I am trying to fill the missing points in the time series data in the ascii file with pandas. I think that other things are okay, but the first line was filled with nan even though there was data originally. My data sample is:
"2011-08-26 00:00:00",1155179,3.232,23.7,3.281,0.386,25.27,111.5665,28.92,29.83,19.13,0,111.5,13.02,29.77,345.7
"2011-08-26 00:00:30",1155180,3.289,20.44,2.153,0.222,25.25,111.5735,28.94,29.82,19.53,0,111.5,13.02,29.79,342.4
.
.
"2011-08-26 23:59:30",1155297,12.62,28.06,3.162,1.356,24.3,111.4614,28.65,29.84,19.53,0,111.4,13.06,29.50,350.1
And I used the code as below:
t1 = np.genfromtxt(INPUT,dtype=None,delimiter=',',usecols=[0])
start = t1[0].strip('\'"')
end = t1[-1].strip('\'"')
data=pd.read_csv(INPUT,sep=',',index_col=[0],parse_dates=[0])

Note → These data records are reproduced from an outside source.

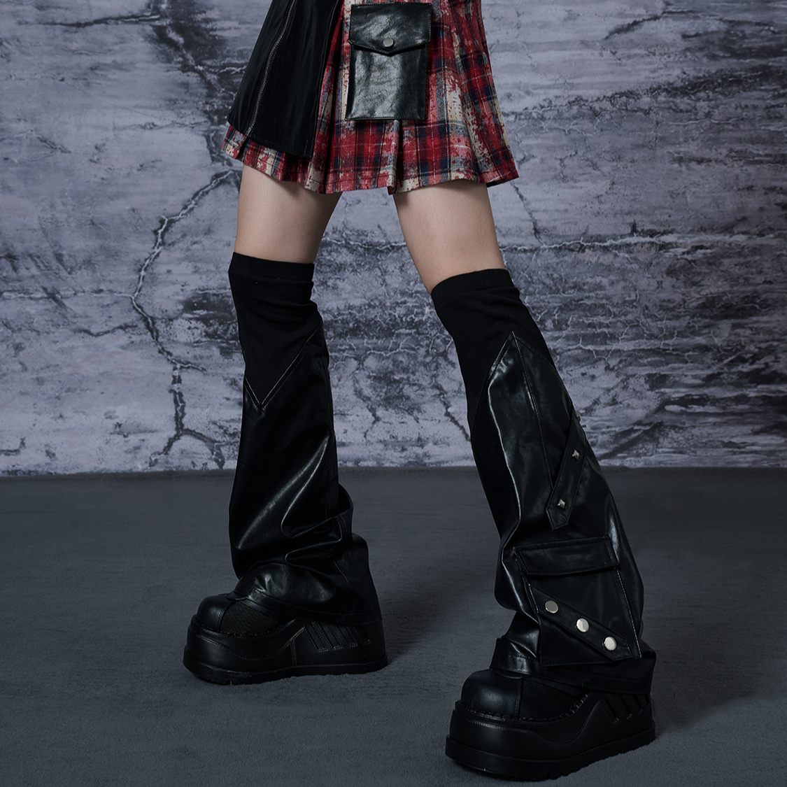 Ribbed PU Leather Patchwork Leg Covers NA8192
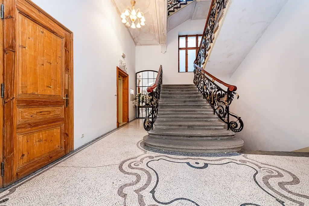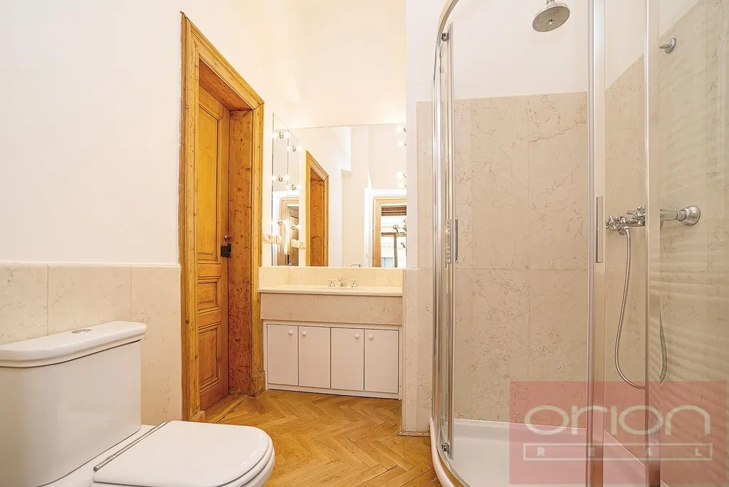 Nabízíme k pronájmu atypický luxusní byt 5+1 ve 4. patře secesního domu s výtahem, který se nachází v atraktivní rezidenční čtvrti Prahy 2 - Vinohrady naproti budově Vinohradského divadla, jen pár metrů od Náměstí Míru. Plně zařízený byt s celkovou plochou 171 m² nabízí vstupní halu, prostorný obývací pokoj se vstupem na balkon, kompletně vybavenou kuchyň, jídelnu, 3 ložnice, 2 koupelny (jednu s vanou a jednu se sprchou + toaletou), samostatnou toaletu a technickou místnost s pračkou a sušičkou. K vybavení bytu patří dřevěné parkety a mramorové obklady v koupelnách, internet, satelit. Lokalita s výbornou dopravní dostupnosí, občanskou vybaveností, v blízkém okolí je množství restaurací, kaváren, bister, obchodů a dalších služeb. Pár kroků od domu jsou stanice tramvají, autobusů a metra. Václavské náměstí či park Riegrovy sady jsou jen několik minut chůze od domu. Nájemné 5500 EUR měsíčně, možnost pronájmu parkovacího stání v podzemní garáži za extra 200 Eur za měsíc.
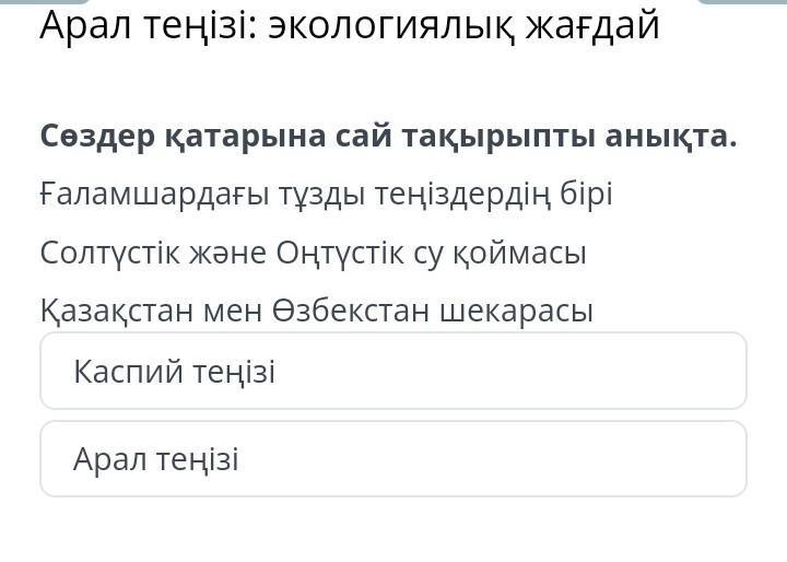 ғаламшардағы тұзды теңіздердің бірі солтүстік және оңтүстік су қоймасы Қазақстан мен Өзбекстан шекарасы Каспий теңізі
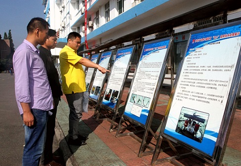 该矿职工在观看展览.
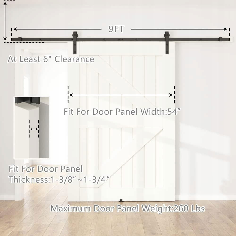 Zestaw SANKEYTEW 274 cm (9 ft) to kompletny system montażowy do jednych drzwi drewnianych, łączący trwałość, płynność działania i nowoczesny design.
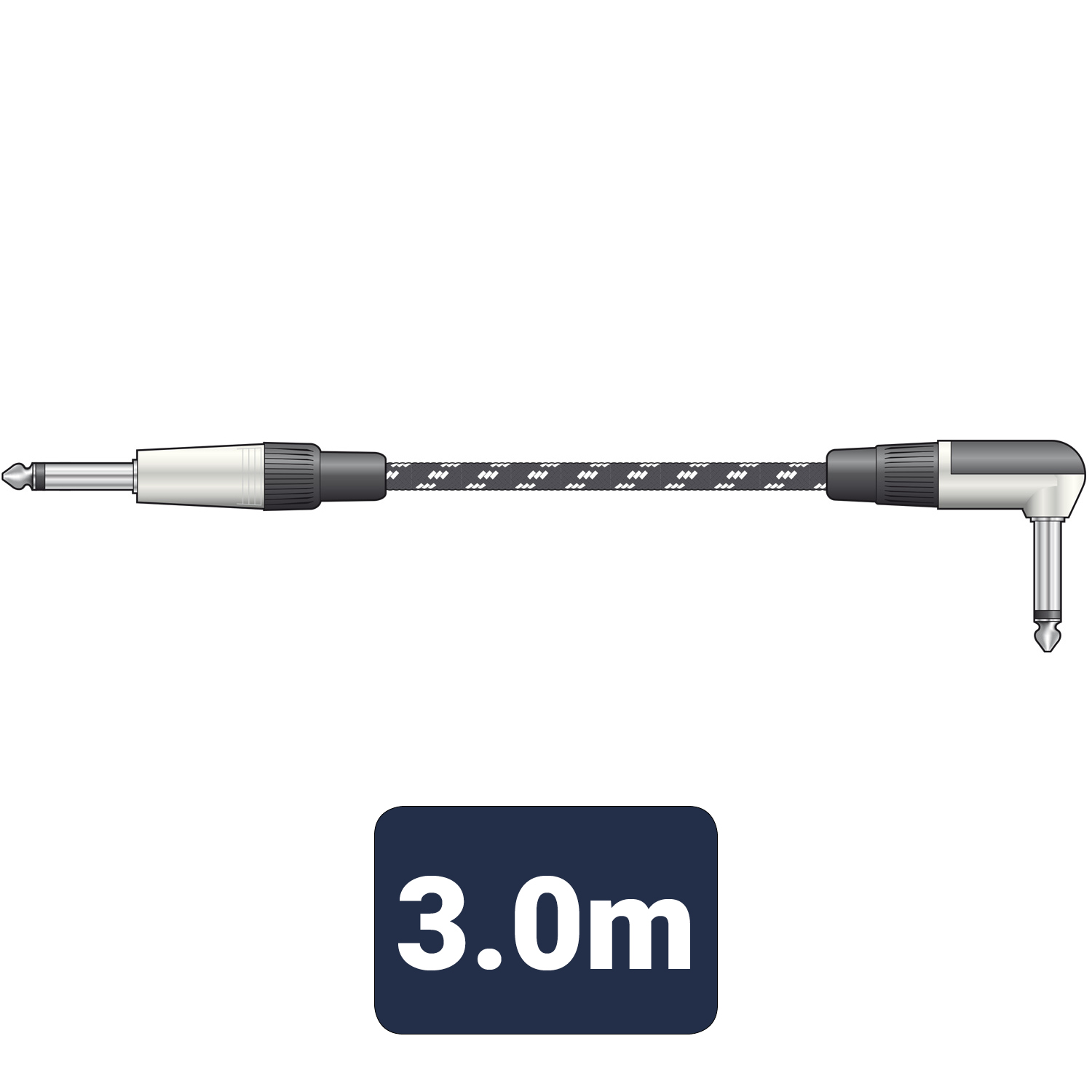 Classic Braided Right Angled Guitar Lead Black/White 3.0m |
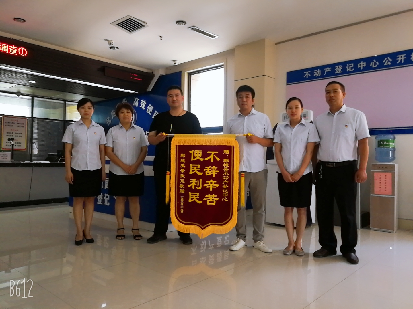 近日,河南博騏置業(yè)有限公司工作人員來到鄲城縣不動產(chǎn)登記中心,將一面印有“不辭辛苦,便民利民”的錦旗送到了中心負責人手中,對不動產(chǎn)登記中心真心為民的服務態(tài)度和高效的辦事效率表示感謝,點贊窗口“熱情、文明、高效”的服務。
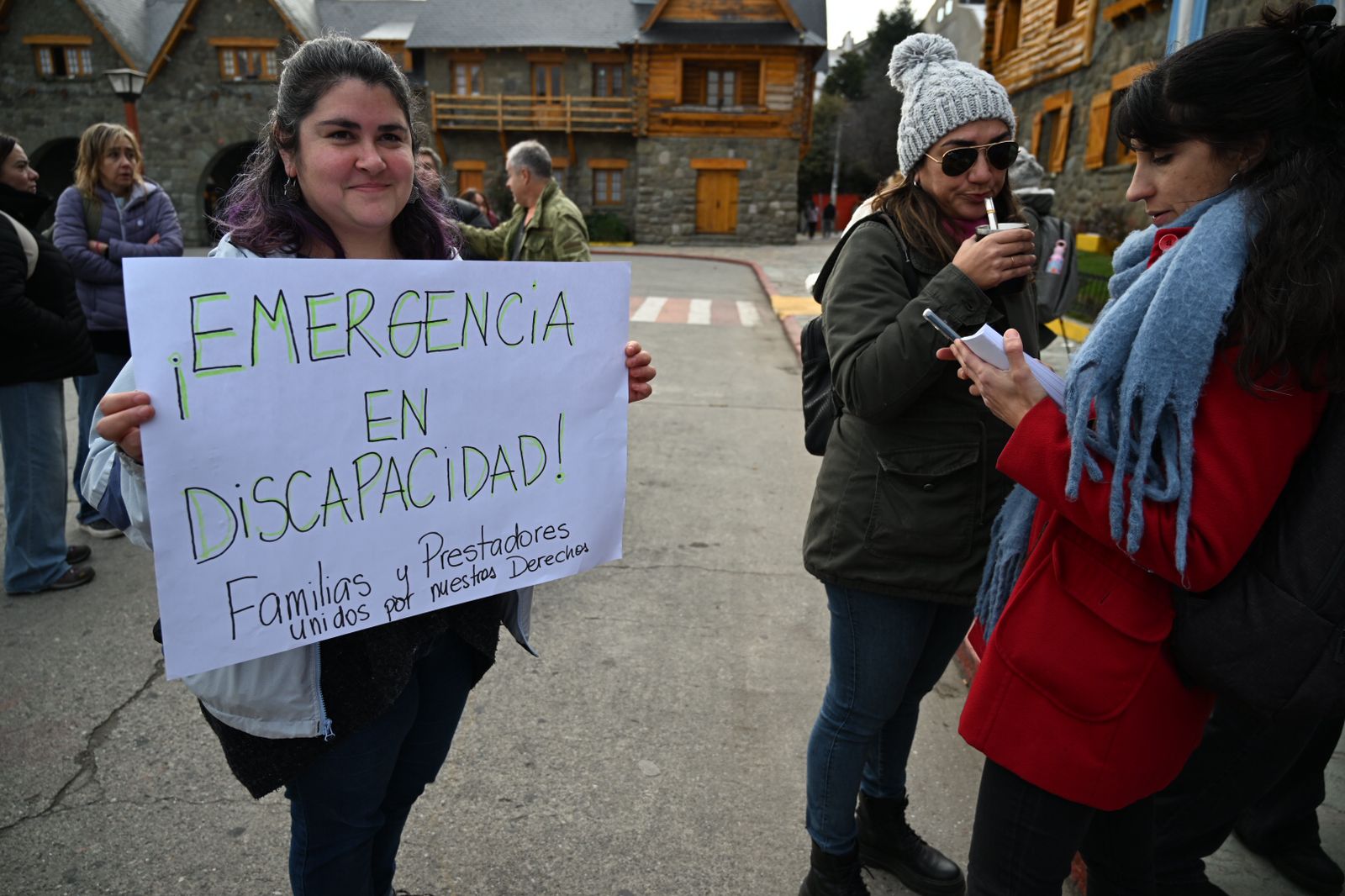 «Emergencia en discapacidad» se leía en la bandera que encabezaba la marcha este jueves a la mañana en el Centro Cívico. Personas con discapacidad, familiares y terapeutas reclamaron por la desactualización de honorarios, la demora en la autorización de los tratamientos y en los pagos y, la quita de pensiones y medicamentos. Se congregaron en la plaza del Centro Cívico en Bariloche, marcharon unas pocas cuadras por la calle Mitre y regresaron a donde se habían concentrado. Siempre encabezados por varias personas en sillas de ruedas.

index = pd.date_range(start,end,freq="30S")
df = data
sk_f = df.reindex(index)
So with this code, I wanted to read the first and the last string of the first column and made them to the index to fill the possible missing points indicated as nan. However, the problem is that first column was also filled in the results as below:
2011-08-26 00:00:00,nan,nan,nan,nan,nan,nan,nan,nan,nan,nan,nan,nan,nan,nan,nan
2011-08-26 00:00:30,1155180,3.289,20.44,2.153,0.222,25.25,111.5735,28.94,29.82,19.53,0,111.5,13.02,29.79,342.4
.
.
2011-08-26 23:59:30,1155297,12.62,28.06,3.162,1.356,24.3,111.4614,28.65,29.84,19.53,0,111.4,13.06,29.50,350.1
It means that the first line was unexpectedly filled eventhough there are data in the original file. From the second line, every thing is okay and filling missing data also seems okay. I am trying to find why it happens. To be honest, I couldn't find the reason yet. Any idea or help would be really appreciated. Thank you, Isaac
I think you can omit read file by genfromtxt
and try only read_csv
, then found min
and max
dates for reindex
method.
Or use resample
:
import pandas as pd
import numpy as np
import io
temp=u""""2011-08-26 00:00:00",1155179,3.232,23.7,3.281,0.386,25.27,111.5665,28.92,29.83,19.13,0,111.5,13.02,29.77,345.7
"2011-08-26 00:00:30",1155180,3.289,20.44,2.153,0.222,25.25,111.5735,28.94,29.82,19.53,0,111.5,13.02,29.79,342.4
"2011-08-26 23:59:30",1155297,12.62,28.06,3.162,1.356,24.3,111.4614,28.65,29.84,19.53,0,111.4,13.06,29.50,350.1"""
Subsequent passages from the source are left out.